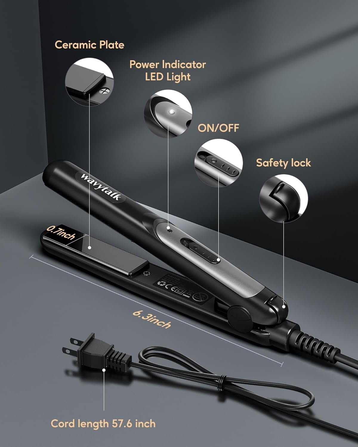 - [Lightweight and portable] The Plate size of mini hair straightener is 0.7 inches, the length of the body is 6.7 inches, and the weight is only 0.35 pounds. All of these features combine to make it ideal for travel and an essential for any beauty regime. Its small size and lightweight makes it ideal for storage and it can fit in any storage compartment or bag.
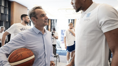 Με τους αθλητές της Εθνικής ομάδας μπάσκετ συναντήθηκε ο Μητσοτάκης (φωτ.)
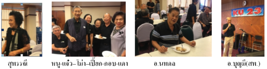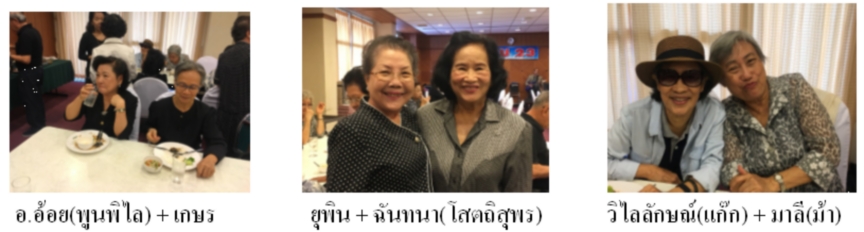หลังจากมีสมาชิกรุ่นฯทยอยกันมาที่ห้องฯสหโภชน์มากพอประมาณเพื่อนๆก็ได้มอบกระถางดอกไม้ให้ ท่านประธานรุ่นฯ ** ดร.สายพิน ** ที่ได้ทำหน้าที่อย่างเข้มแข็งและเสียสละ อึกคนที่ได้รับมอบกระถางดอกไม้เช่นกันก็คือ ** DJ. ไพศาล ** ที่ทำหน้าที่เป็นทั้ง DJ. และ Trainer นักร้องของรุ่นทำให้แต่ละเดือนมีนักร้องเข้าคิวต่อแถวขึ้นไปร้องกันมากมาย อีกหน่อย DJ.จะส่งลูกทีมไปประกวดในรายการ ไมค์ทองคำ หารายได้พิเศษ ในวัน Home ปีนี้ก็มีเพื่อนๆทั้งหน้าเก่าและหน้าใหม่มาร่วมงานมากเหมือนเช่นทุกปีและขออภัยที่ลงรูปได้น้อยเพราะอยากให้เพื่อนๆที่ไม่ได้มางานได้เห็นหน้าค่าตาเพื่อนที่นานๆเจอกันทีว่าจะจำกั่นบ่ได้ก่อ เช่น ** อ.อ้อย – พูนพิไล ** ที่นานๆจะมาร่วมงานแต่จะเจอบ่อยใน Face book ไม่รู้ตอนนี้ไปกราบพระบรมศพพระบาทสมเด็จรัชกาลที่ 9 ถึง 10 ครั้งแล้วหรือยัง คนนี้ก็ไม่ค่อยได้มาเพราะจะจะอยู่ในศีลในธรรมนานๆจะออกมาสู่โลกภายนอกทีจะมีธรรมะดีๆส่งมาให้เพื่อนๆทาง Line อยู่ประจำเพื่อนผู้เคร่งในศีลในธรรมผู้นี้ก็คือ ** เกสร ** นั่นเองมาวันนี้เลยจ่ายค่าอาหารเป็นเงิน 1,000 บาท(สาธุ) รุ่นเรามีชื่อสาวโรงงานหลายคนวันนี้มางาน 1 คนถ้าเจอข้างนอกคงจำไม่ได้เพราะดูหน้าตาและรูปร่างแล้วยังอ่อนกว่าวัยเธอคือ ** ฉันทนา ** นามสกุล โสตถิสุพร(แต่ไม่โสด) จากคณะเศรษฐศาสตร์ นานๆมาก็เลยมอบค่าอาหารพิเศษ 500 บาท อีกคนเคยมาบ่อยแต่ตอนหลังป่วยเลยนานๆมาครั้งก็คือ ** สุพรรณี ** รูปร่างหน้าตายังสวยเหมือนเดิม รุ่นเรามีชื่อ ลัดดา 2 คน วันที่ 2 นี่มา 1 คนเป็นคนที่เจอไม่เป็นรูปในต่างประเทศหรือไม่ก็เป็นรูปทำบุญทำทานประจำคือ ** ลัดดา เอ **(คนสรวมหมวกขวามือสุด ในรูปหมู่รูปที่ 3 ) ฝ่ายชายที่มากันปีละครั้ง 2 ครั้งก็มี ** ประกอบ ** ที่อยู่ตากฟ้า นครสวรรค์มักจะมาวัน Home เป็นอย่างน้อยปีละครั้ง เช่นเดียวกับ ** ศ.ดร.เอิบ ** ที่มักมาร่วมวางพวงมาลาแต่เสียดายปีนี้มาไม่ทัน** อ.นพดล ** เสถียร ** อ.บุญมี (สพ.) ** กับ ** มีชีย ** ก็มาบ้างเป็นครั้งเป็นครา เจ้าสัวใหญ่ ** เสี่ยอูม – วิบูลย์ ** นอกจากจะจ่ายค่าอาหาร 500 บาทแล้วยังมี วิสกี้ 1 ขวด ไวน์ และแชมเป็ญมามอบให้รุ่นฯโดยมี ** ดร.ศรัณย์ ** เป็นตัวแทนรุ่นเป็นผู้รับมอบ
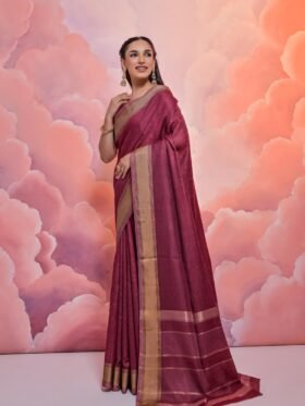 SAREE-SOFT RESHAM SILK SMALL BUTTI WEAVING PATTERN AND ZARI WORK SAREE
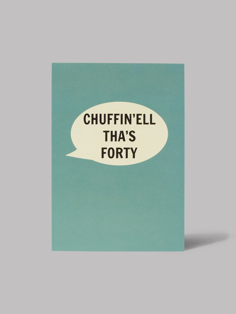 Dialectable cards are the bee's knees, great for any occasion; colourful, bold and always right. Just like us Yorkshire folk then 'ey! This card here says 'Chuffin'ell Tha's Forty' Perfect for a Yorkshire lad's or lass's fortieth birthday.
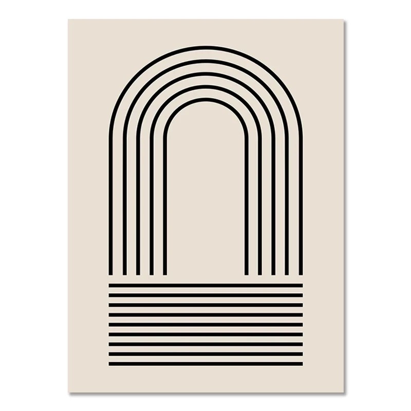 Abstraktní plakát na zeď s obloukem a liniemi 20 × 30 cm tisk na plátno černo-béžový geometrický minimalistický dekor bez rámu
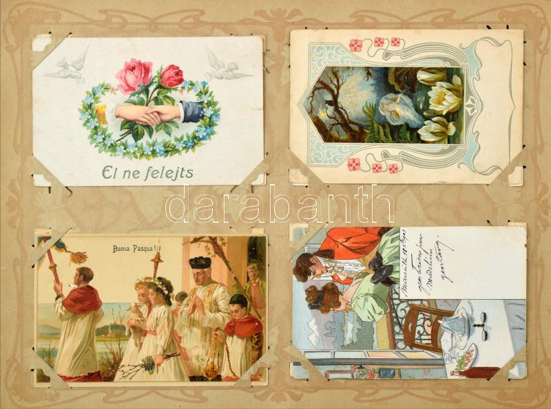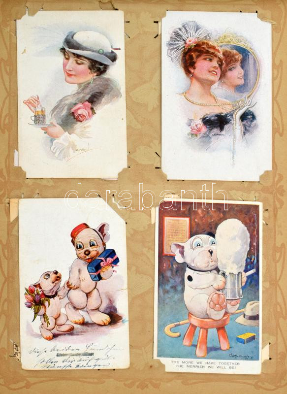 38x22 cm-es, vászon borítású, régi, nyomott, aranyozott festett 192 férőhelyes albumban 192 régi képeslap (1899-1945) motívumlap, kevés topográfiával, sok litho, szecessziós és art deco lapok, hölgyek, gyerek, művészlapok /Innocent, Munkácsy/ fotólapok, erotikus lapok, sok szignós lap Balestrini, Auer, Wichera, Gert Kalous, Harrison, Boileau, Corbella Usabal, Anichini, Manni Grosze, Solomko, Trübe, Mabel Lucie Atwell lapok, Pauli Ebner, humor, törpe, hóember, olasz art deco lapok - szignó nélküli Bertigliák, árnyképes romantikus lapok, Bonzo kutyás lapok, hímzéses lap, kézzel festett lap, Wagner lap, Jeanne d'Arc lapok, híres emberek, militária
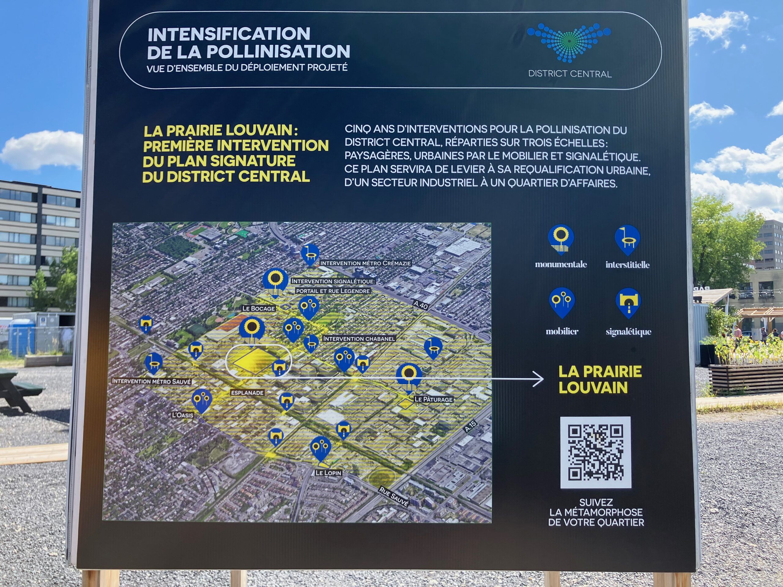Entrée de l’Esplanade Louvain où se trouvent le potager des Cultures solidaires et la Prairie Louvain, composée de 10 000 tournesols, été 2023. (Photo: Anne Marie Parent, JDV)
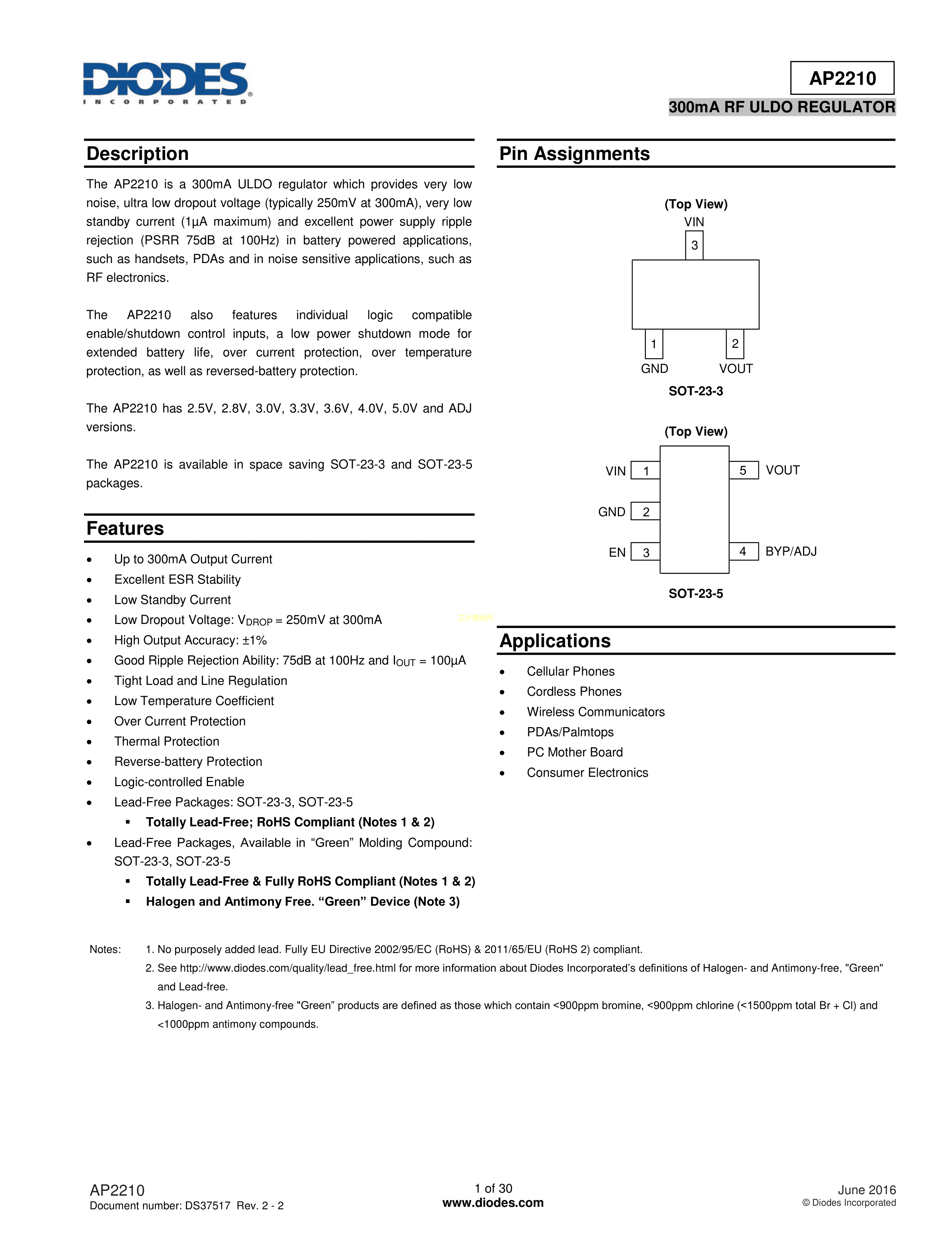 AP2210K-3.3TRG1数据手册SOT-23-5封装DIODES(美台)PDF规格书,中英文下
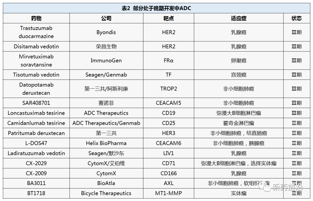 目前,针对现有和新型靶点的大量ADC正在临床开发中(表2)。
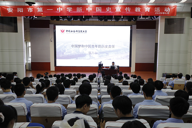 授牌仪式后,魏万磊副教授在安阳一中报告厅为一中同学们作主题为《中国梦与中国青年的历史责任》的讲座,带领同学们穿越历史长河,探寻时代使命,激发了大家的爱国情与奋进志。
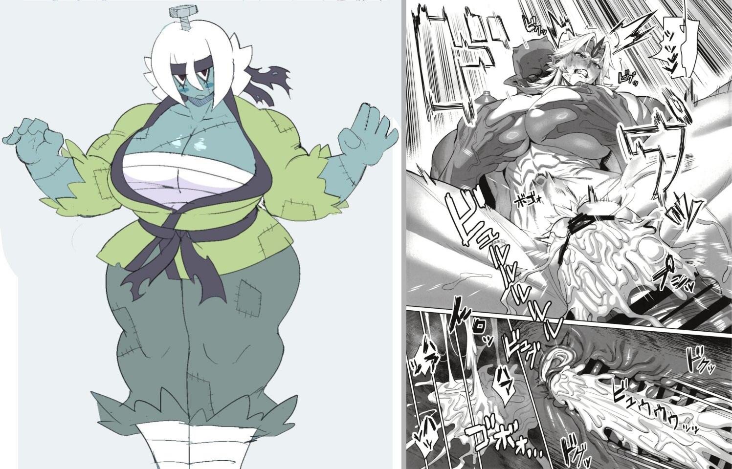 Requesting this big Frankenstein monster girl oc to be drawn just like this top manga panel please
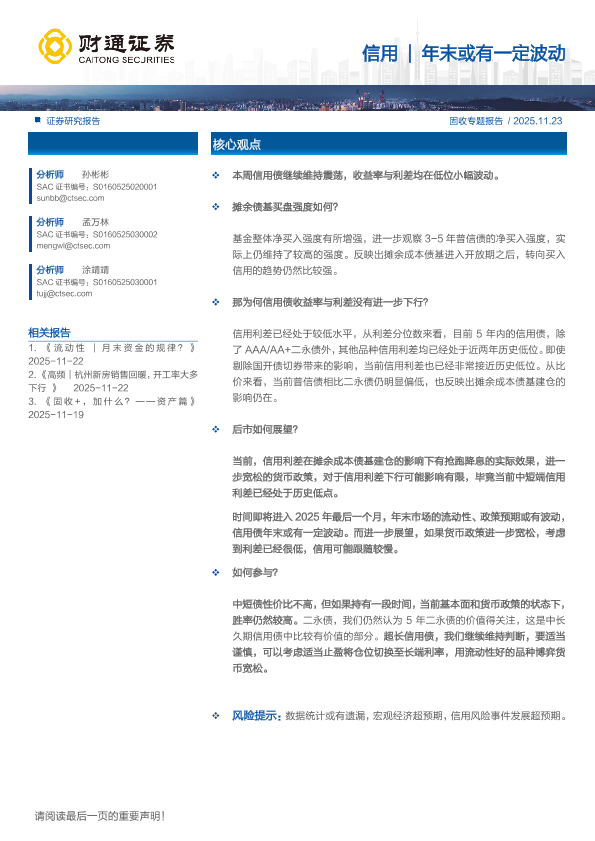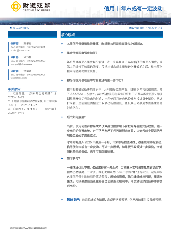【财通证券】【202511】信用|年末或有一定波动-25页
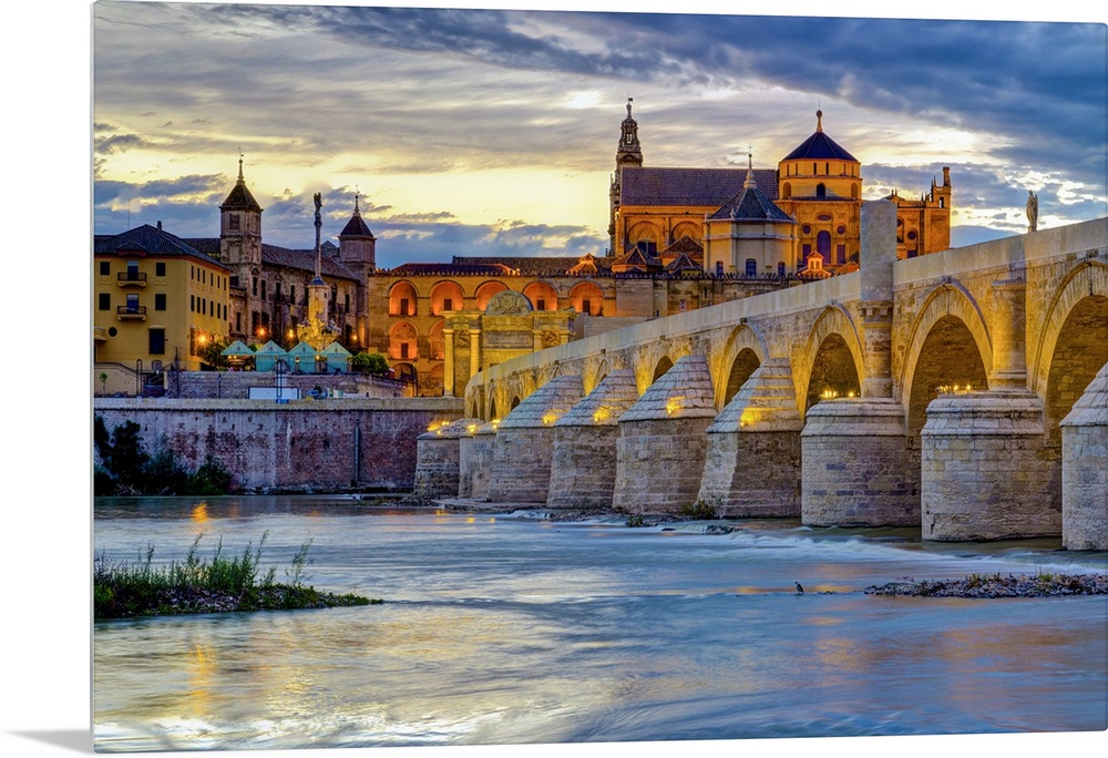 <p>Spain, Andalucia, Cordoba Province, Cordoba, Roman Bridge (Puente Romano) over Guadalquivir River and Mezquita (Mosque...Cathedral of Cordoba, UNESCO World Heritage Site)</p>
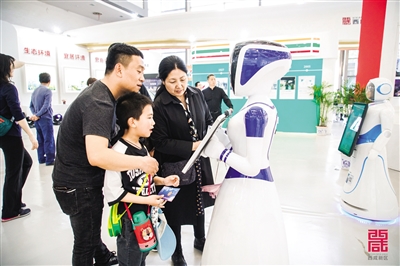 西北工业大学各种型号的无人机也精彩亮相,落户西咸新区沣西新城的翱翔小镇将发展成为全国首个以“空、天、地、海”无人系统产业为核心,科教产融四位一体的科创示范小镇;秦汉新城通过AR技术,让文物活起来、会说话,体验的客商络绎不绝。秦汉新城新丝路数字文化科技有限公司带来的文创丝巾、非遗花丝和秦汉华服等,以文物为基础素材进行创意设计,时尚也有文化;中译语通科技(陕西)有限公司带来的LanguageBox语言盒子、悦译翻译机等智能翻译硬件产品,可支持中、英、德、俄等37个语种与金融、科技、医疗、体育、口语等不同领域的高质量AI机器同声传译,很有科技范儿。

— TASK BRIEF —
If an entry holds an image, omit that image and print the remainder exactly as it stands.

— TASK OUTPUT —
 - [Lightweight and portable] The Plate size of mini hair straightener is 0.7 inches, the length of the body is 6.7 inches, and the weight is only 0.35 pounds. All of these features combine to make it ideal for travel and an essential for any beauty regime. Its small size and lightweight makes it ideal for storage and it can fit in any storage compartment or bag.
 Με τους αθλητές της Εθνικής ομάδας μπάσκετ συναντήθηκε ο Μητσοτάκης (φωτ.)
หลังจากมีสมาชิกรุ่นฯทยอยกันมาที่ห้องฯสหโภชน์มากพอประมาณเพื่อนๆก็ได้มอบกระถางดอกไม้ให้ ท่านประธานรุ่นฯ ** ดร.สายพิน ** ที่ได้ทำหน้าที่อย่างเข้มแข็งและเสียสละ อึกคนที่ได้รับมอบกระถางดอกไม้เช่นกันก็คือ ** DJ. ไพศาล ** ที่ทำหน้าที่เป็นทั้ง DJ. และ Trainer นักร้องของรุ่นทำให้แต่ละเดือนมีนักร้องเข้าคิวต่อแถวขึ้นไปร้องกันมากมาย อีกหน่อย DJ.จะส่งลูกทีมไปประกวดในรายการ ไมค์ทองคำ หารายได้พิเศษ ในวัน Home ปีนี้ก็มีเพื่อนๆทั้งหน้าเก่าและหน้าใหม่มาร่วมงานมากเหมือนเช่นทุกปีและขออภัยที่ลงรูปได้น้อยเพราะอยากให้เพื่อนๆที่ไม่ได้มางานได้เห็นหน้าค่าตาเพื่อนที่นานๆเจอกันทีว่าจะจำกั่นบ่ได้ก่อ เช่น ** อ.อ้อย – พูนพิไล ** ที่นานๆจะมาร่วมงานแต่จะเจอบ่อยใน Face book ไม่รู้ตอนนี้ไปกราบพระบรมศพพระบาทสมเด็จรัชกาลที่ 9 ถึง 10 ครั้งแล้วหรือยัง คนนี้ก็ไม่ค่อยได้มาเพราะจะจะอยู่ในศีลในธรรมนานๆจะออกมาสู่โลกภายนอกทีจะมีธรรมะดีๆส่งมาให้เพื่อนๆทาง Line อยู่ประจำเพื่อนผู้เคร่งในศีลในธรรมผู้นี้ก็คือ ** เกสร ** นั่นเองมาวันนี้เลยจ่ายค่าอาหารเป็นเงิน 1,000 บาท(สาธุ) รุ่นเรามีชื่อสาวโรงงานหลายคนวันนี้มางาน 1 คนถ้าเจอข้างนอกคงจำไม่ได้เพราะดูหน้าตาและรูปร่างแล้วยังอ่อนกว่าวัยเธอคือ ** ฉันทนา ** นามสกุล โสตถิสุพร(แต่ไม่โสด) จากคณะเศรษฐศาสตร์ นานๆมาก็เลยมอบค่าอาหารพิเศษ 500 บาท อีกคนเคยมาบ่อยแต่ตอนหลังป่วยเลยนานๆมาครั้งก็คือ ** สุพรรณี ** รูปร่างหน้าตายังสวยเหมือนเดิม รุ่นเรามีชื่อ ลัดดา 2 คน วันที่ 2 นี่มา 1 คนเป็นคนที่เจอไม่เป็นรูปในต่างประเทศหรือไม่ก็เป็นรูปทำบุญทำทานประจำคือ ** ลัดดา เอ **(คนสรวมหมวกขวามือสุด ในรูปหมู่รูปที่ 3 ) ฝ่ายชายที่มากันปีละครั้ง 2 ครั้งก็มี ** ประกอบ ** ที่อยู่ตากฟ้า นครสวรรค์มักจะมาวัน Home เป็นอย่างน้อยปีละครั้ง เช่นเดียวกับ ** ศ.ดร.เอิบ ** ที่มักมาร่วมวางพวงมาลาแต่เสียดายปีนี้มาไม่ทัน** อ.นพดล ** เสถียร ** อ.บุญมี (สพ.) ** กับ ** มีชีย ** ก็มาบ้างเป็นครั้งเป็นครา เจ้าสัวใหญ่ ** เสี่ยอูม – วิบูลย์ ** นอกจากจะจ่ายค่าอาหาร 500 บาทแล้วยังมี วิสกี้ 1 ขวด ไวน์ และแชมเป็ญมามอบให้รุ่นฯโดยมี ** ดร.ศรัณย์ ** เป็นตัวแทนรุ่นเป็นผู้รับมอบ
 SAREE-SOFT RESHAM SILK SMALL BUTTI WEAVING PATTERN AND ZARI WORK SAREE
 Dialectable cards are the bee's knees, great for any occasion; colourful, bold and always right. Just like us Yorkshire folk then 'ey! This card here says 'Chuffin'ell Tha's Forty' Perfect for a Yorkshire lad's or lass's fortieth birthday.
 Abstraktní plakát na zeď s obloukem a liniemi 20 × 30 cm tisk na plátno černo-béžový geometrický minimalistický dekor bez rámu
 38x22 cm-es, vászon borítású, régi, nyomott, aranyozott festett 192 férőhelyes albumban 192 régi képeslap (1899-1945) motívumlap, kevés topográfiával, sok litho, szecessziós és art deco lapok, hölgyek, gyerek, művészlapok /Innocent, Munkácsy/ fotólapok, erotikus lapok, sok szignós lap Balestrini, Auer, Wichera, Gert Kalous, Harrison, Boileau, Corbella Usabal, Anichini, Manni Grosze, Solomko, Trübe, Mabel Lucie Atwell lapok, Pauli Ebner, humor, törpe, hóember, olasz art deco lapok - szignó nélküli Bertigliák, árnyképes romantikus lapok, Bonzo kutyás lapok, hímzéses lap, kézzel festett lap, Wagner lap, Jeanne d'Arc lapok, híres emberek, militária
Entrée de l’Esplanade Louvain où se trouvent le potager des Cultures solidaires et la Prairie Louvain, composée de 10 000 tournesols, été 2023. (Photo: Anne Marie Parent, JDV)
 AP2210K-3.3TRG1数据手册SOT-23-5封装DIODES(美台)PDF规格书,中英文下
 目前,针对现有和新型靶点的大量ADC正在临床开发中(表2)。
 授牌仪式后,魏万磊副教授在安阳一中报告厅为一中同学们作主题为《中国梦与中国青年的历史责任》的讲座,带领同学们穿越历史长河,探寻时代使命,激发了大家的爱国情与奋进志。
 Requesting this big Frankenstein monster girl oc to be drawn just like this top manga panel please
【财通证券】【202511】信用|年末或有一定波动-25页
 <p>Spain, Andalucia, Cordoba Province, Cordoba, Roman Bridge (Puente Romano) over Guadalquivir River and Mezquita (Mosque...Cathedral of Cordoba, UNESCO World Heritage Site)</p>
 西北工业大学各种型号的无人机也精彩亮相,落户西咸新区沣西新城的翱翔小镇将发展成为全国首个以“空、天、地、海”无人系统产业为核心,科教产融四位一体的科创示范小镇;秦汉新城通过AR技术,让文物活起来、会说话,体验的客商络绎不绝。秦汉新城新丝路数字文化科技有限公司带来的文创丝巾、非遗花丝和秦汉华服等,以文物为基础素材进行创意设计,时尚也有文化;中译语通科技(陕西)有限公司带来的LanguageBox语言盒子、悦译翻译机等智能翻译硬件产品,可支持中、英、德、俄等37个语种与金融、科技、医疗、体育、口语等不同领域的高质量AI机器同声传译,很有科技范儿。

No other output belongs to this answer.